YOUR ASSIGNMENT: Quote exactly, and only, the lines from the one containing "九谷焼 綿谷 窓絵人物文洋茶碗" through the end of the material below. Skip pictures.

TASK INPUTS:
※ ※ ※

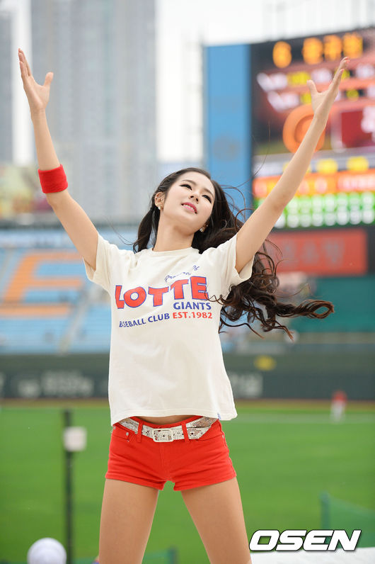 롯데 치어리더 박기량이 힘찬 응원을 펼치고 있다.
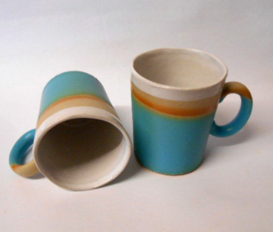 Wheel thrown stoneware satin textured finish Turquoise blue dipped mug.
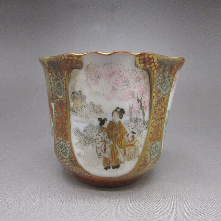 九谷焼 綿谷 窓絵人物文洋茶碗
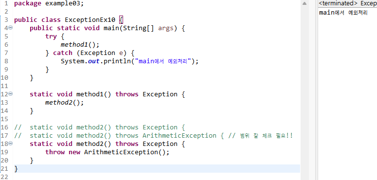 - 예외가 발생했으면 자기의 예외를 호출한 곳에 예외를 던져 주는 것이다.
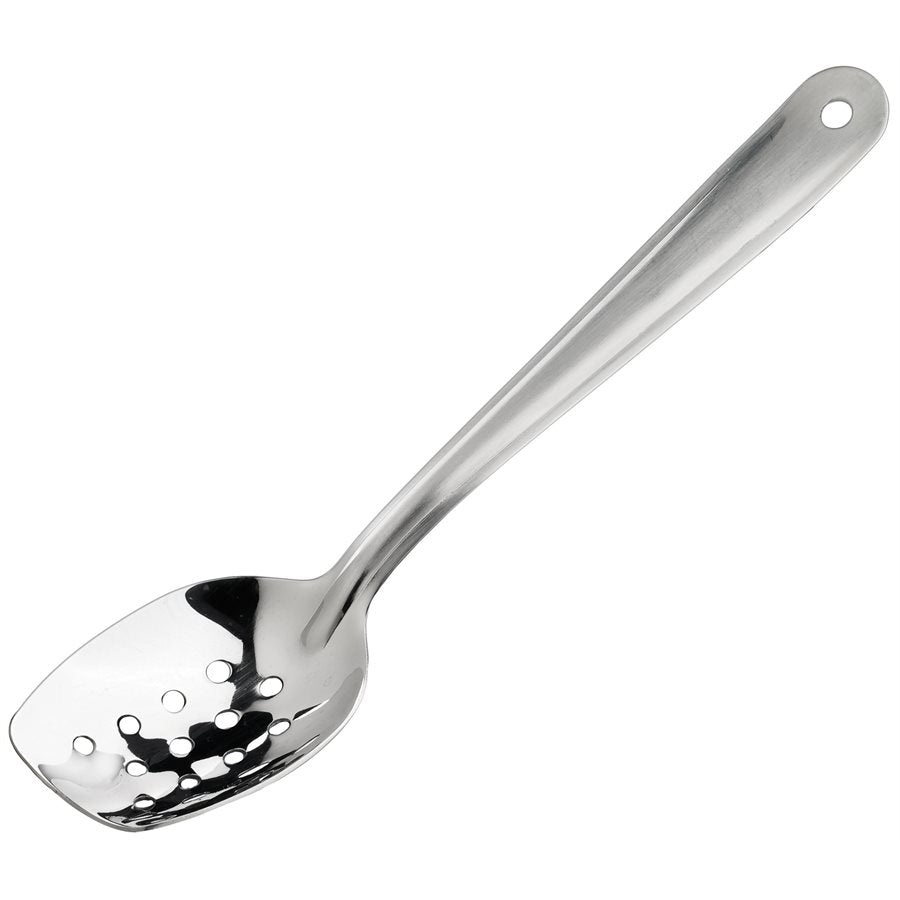 The Winco perforated plating spoon offers precision and finesse, ideal for controlled presentation of sauces, garnishes, and more.

※ ※ ※

EXERCISE OUTPUT:
 九谷焼 綿谷 窓絵人物文洋茶碗
 - 예외가 발생했으면 자기의 예외를 호출한 곳에 예외를 던져 주는 것이다.
 The Winco perforated plating spoon offers precision and finesse, ideal for controlled presentation of sauces, garnishes, and more.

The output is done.